The JPMorgan indices are a popular benchmark for money managers that trade and deal in emerging market debt. The indices are used to measure the performance of specific bonds issued by governments that have met JPMorgan’s structural requirements and liquidity standards.

As the index is widely used as an industry benchmark, countries which are not included on the index tend to have relatively less demand for their bonds than would otherwise be the case. Money managers tracking JPMorgan’s index will inevitably not invest in a bond that is not listed on that index.

India has been excluded from the JPMorgan emerging market debt index up until now. This has largely been because of bureaucratic reasons: Indian regulators demand that those investing in Indian assets go through elaborate documentation procedures. 

However, it seems that these issues are on the verge of being resolved and that India will soon be included in the index.

Indeed, JPMorgan’s global head of index research Gloria Kim recently spoke about the prospect of India joining the index. She said that “based on the annual Index Governance Consultation process, market feedback so far has been largely positive, with the majority of our index clients already to set up to trade in the IGB market.”

“As always, there are still teething issues when entering a new market, however we have found these to be related mostly to the operational readiness and flexibility of counterparties and custodians rather than barriers to entry,” she said.

This could have several significant ramifications for Indian markets and the Indian economy.
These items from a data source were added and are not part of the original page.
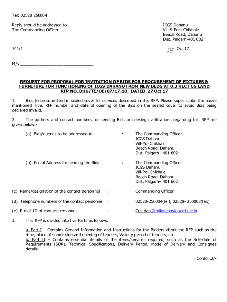 Tel: 02528 250004 Replies should be addressed to The Commanding Officers Dachau Will & PostChikhale Beach Road, Dachau Dist. Palgarh401 602141/1Oct 17M/s ___REQUEST FOR PROPOSAL FOR INVITATION OF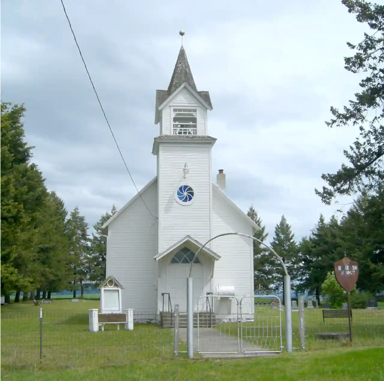 Bethany Memorial Chapel was built by Norwegian homesteaders who settled in the Big Bear Ridge area north of Kendrick in rural Latah County, Idaho. Norwegians who had settled in the area met at the home of Edward Dahl on July 21, 1902, for the purpose of organizing a Lutheran church in the area. In late July 1902, plans were prepared for the building, which was to be constructed on one-half acre of land promised by Edward Jones. However, Jones had sold his land to Halvor Nelson, who then added another one-half acre to the property. Construction of the Carpenter Gothic building began in 1905 and was completed, inside and out, in 1908. Although the interior of the building had not yet been completed, the first service in the church took place on December 26, 1905, when Halvor Lien married Hilda Slind. The pews, altar railing, and pulpit were carved by Eric Leien, a member of the congregation. It was originally named the Evangelical Lutheran Church, Bethany Congregation of Kendrick. There is no longer an active congregation holding services, but the church and cemetery are maintained by community members. Read more on Wikipedia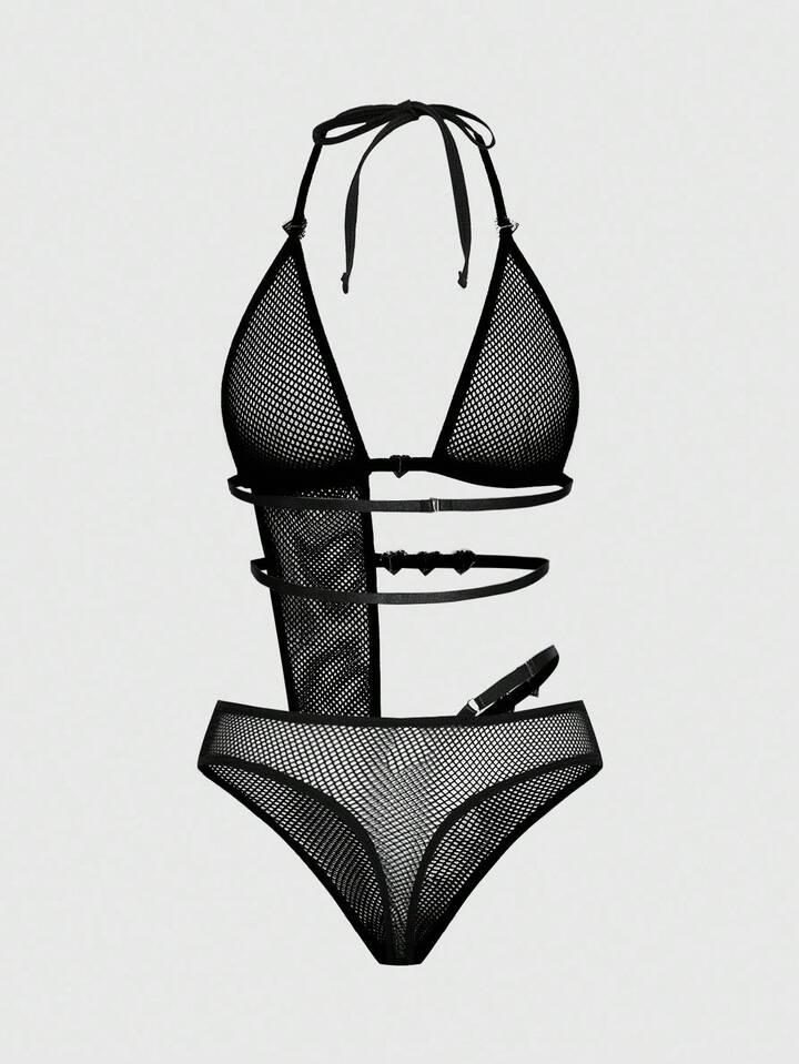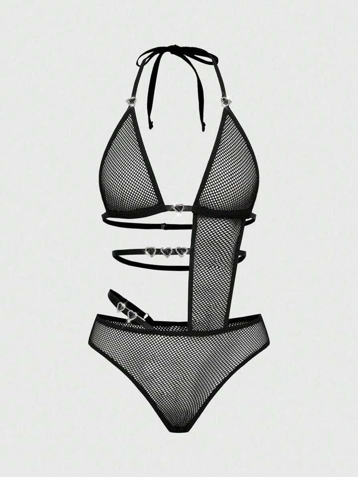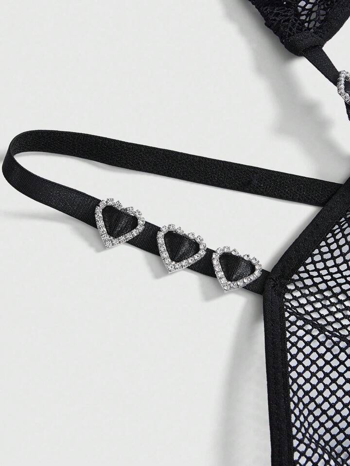 ROMWE Avant Fashionable Grid Heart Hollow Out Metallic Women Sexy Bodysuits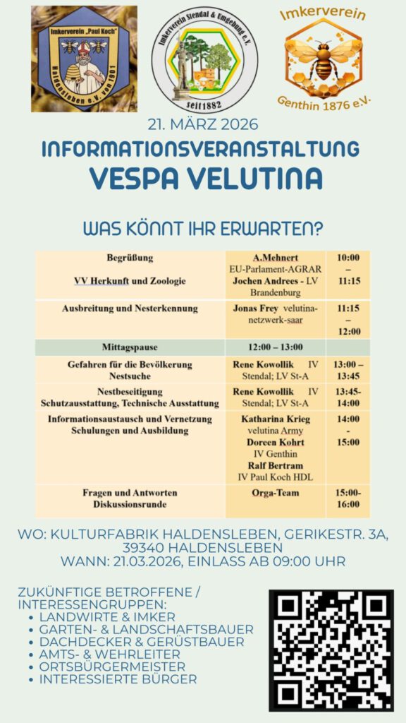 Eine weitere Vertreter/in der Velutina Army Readaktion ist unterwegs in der Kulturfabrik in Haldersleben in Sachsen-Anhalt zur Informationsveranstaltung Vespa Velutina. Hier steht die Information für zukünftig Betroffene im Vordergrund: das sind Handwerker wie z.B. Dachdecker, Landwirtschaft, Obstanbau, Imker, alle die draußen arbeiten müssen und auf Tiere treffen werden und für die interessierte Bevölkerung. Wer und was ist Vespa velutina nigrithorax – und betrifft es MICH – wenn ja: warum und was kann ich tun?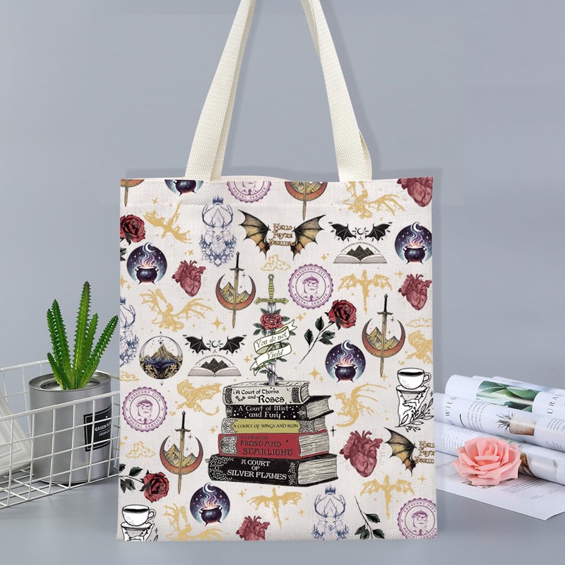 ACOTAR Inspired Gift Fantasy Novel Inspired Gifts Books Lover Gift A Court of Thorns and Rose Tote Bag SJM Gifts (not yield FULL T CA)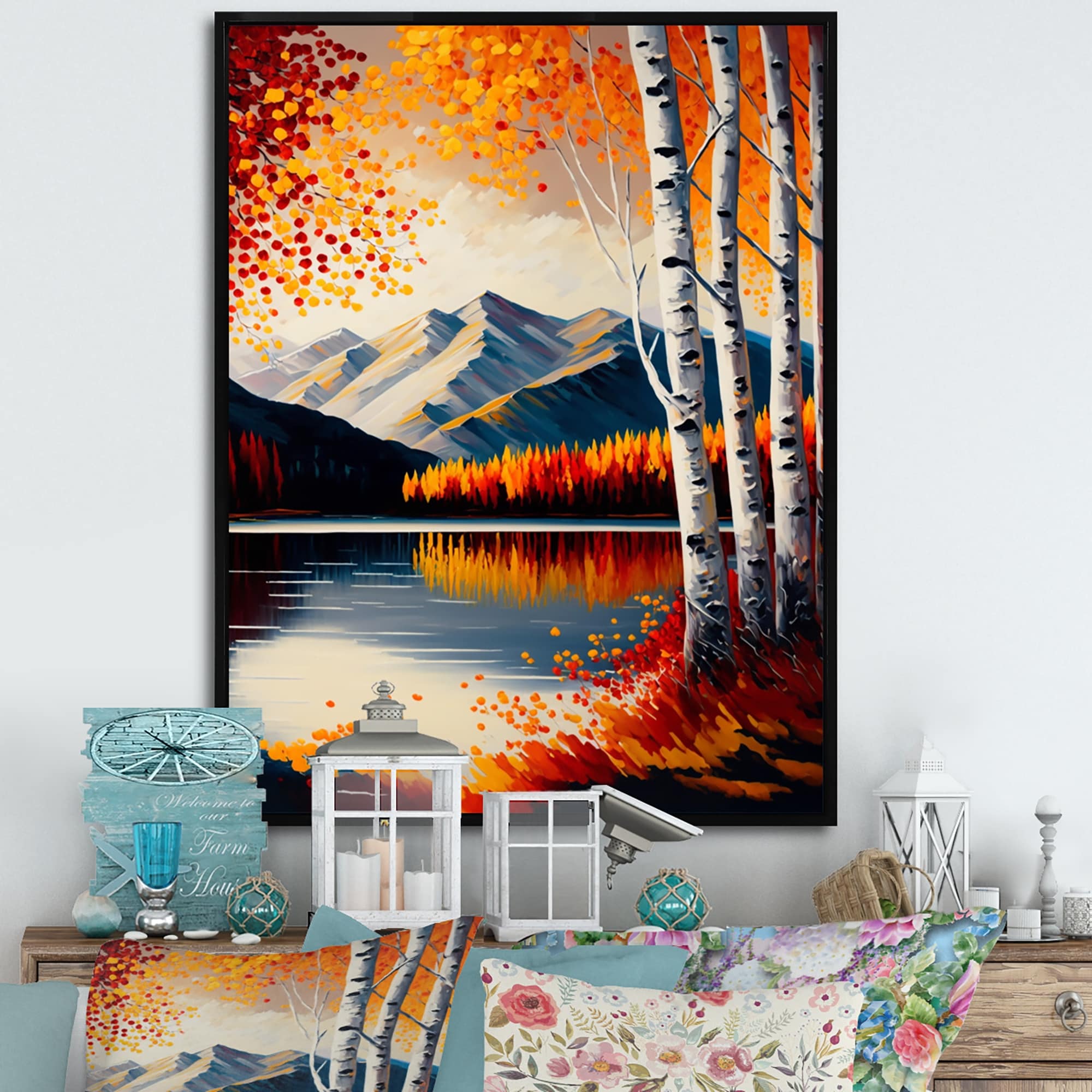Designart "Red And Orange Birch Trees By the Lake V" Landscape Framed Canvas Art Print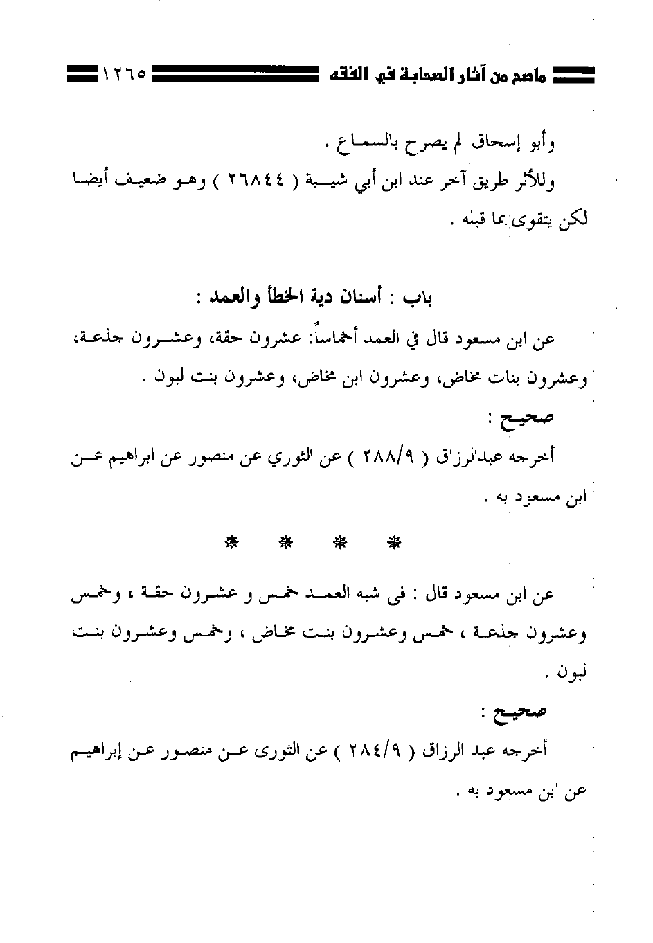 عن ابن مسعود قال: في شبه العبد خمس وعشرون حقة، وخمس وعشرون جذعة، حمس وعشرون بنت مخاض، وخمس وعشرون بنت لبون.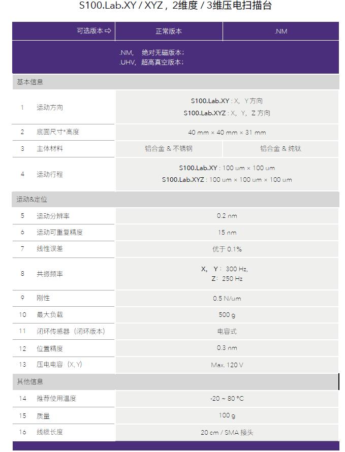 Carrier.S200.XY ⼤范围压电扫描台 — 技术参数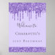 A banner for a girly and glamorous 50th (or any age) birthday party. Violet, lavender colored background, decorated with faux glitter drips, paint dripping look. Personalize and add a date, name and age 21.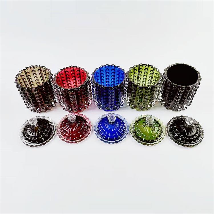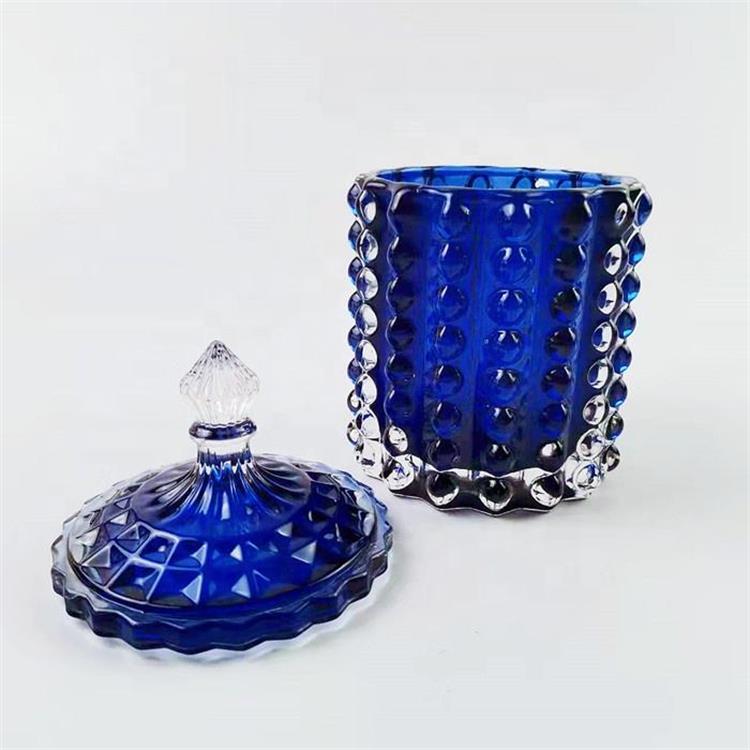 Description | Unique Beaded Crystal Glass Candle Jar with Lid |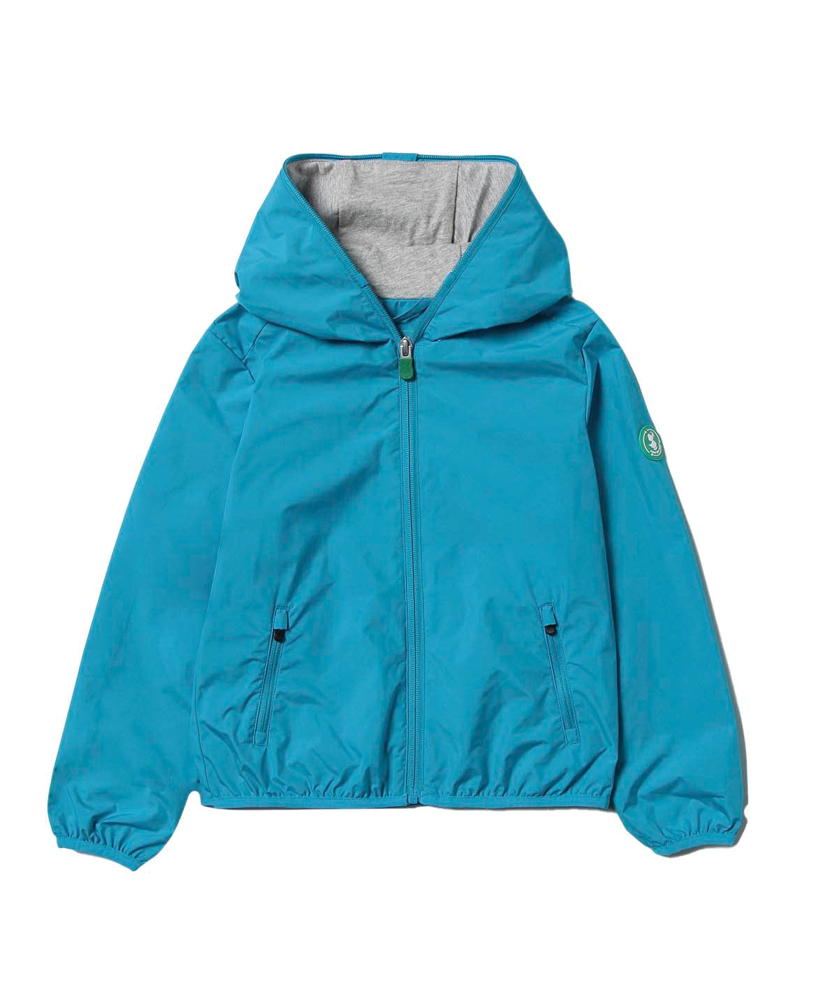 Save the Duck Kids Giubbino Celeste con Cappuccio con Patch Logo per Neonati (fronte)

JPMorgan itself has estimated that foreign inflows into India will be between $20-25 billion following its inclusion into the index.

Anubhav Sahu, equity research analyst at Moneycontrol Research in Mumbai, told Disruption Banking that the benefits of these inflows are likely to be profound in several different ways. For one, more cash on Indian bond markets could drive down yields and therefore allow the Indian government to borrow money at a cheaper rate, helping spur investment and economic growth.

“The planned inclusion of India’s local bonds in the JP Morgan’s Government Bond index by June 2024 should lower the cost of borrowings for the economy over the period,” Sahu said. “Inclusion helps in better liquidity for these bonds and therefore positively impacts the country’s macro-economic growth. This in turn helps in lowering risk premium leading to lower yields.”

He also added that these inflows could drive up demand for the rupee, as investors will need to sell their currencies and purchase the Indian rupee in order to purchase rupee-denominated bonds. “The expectation has been for inflows of $30 to $40 billion over the course of the inclusion of Indian bonds in such indices. Significant forex inflows will support the local currency,” Sahu noted.

Harsh Agarwal, a hedge fund manager based in Mumbai, strikes a similar optimistic tone. He told Disruption Banking that “this bodes very well as far as foreign investment flows are concerned.”

“It will lead to both active flows, that are more front-loaded and in part tactical, and passive flows according to India’s weight in the index. Total flows may be $25-30bn in a year’s time,” he added.

“Indian government bonds are very attractive for global investors as they are among the least volatile bonds, coupled with a very stable currency thanks to a consistently improving trade balance outlook for the country. The one catch might be withholding tax on government coupons and claiming credit for the same might be a bit hassle. As an asset manager, I am designing vehicles and strategies to make it easier and more attractive for foreign investors to tap this opportunity.”

The upcoming inclusion of India in JPMorgan’s emerging market debt index potentially reflects some broader facts about the state of the Indian economy. India has now risen to become the world’s fifth largest economy, with India’s National Stock Exchange (NSE) now the world’s largest derivatives exchange by number of contracts traded.

Earlier this year, the Indian stock market briefly overtook Hong Kong’s as the fourth biggest equity market in the world. More and more international hedge funds and financial institutions are seeking greater exposure to Indian markets, particularly those rotating assets out of China but wanting to retain them in the wider Asian market.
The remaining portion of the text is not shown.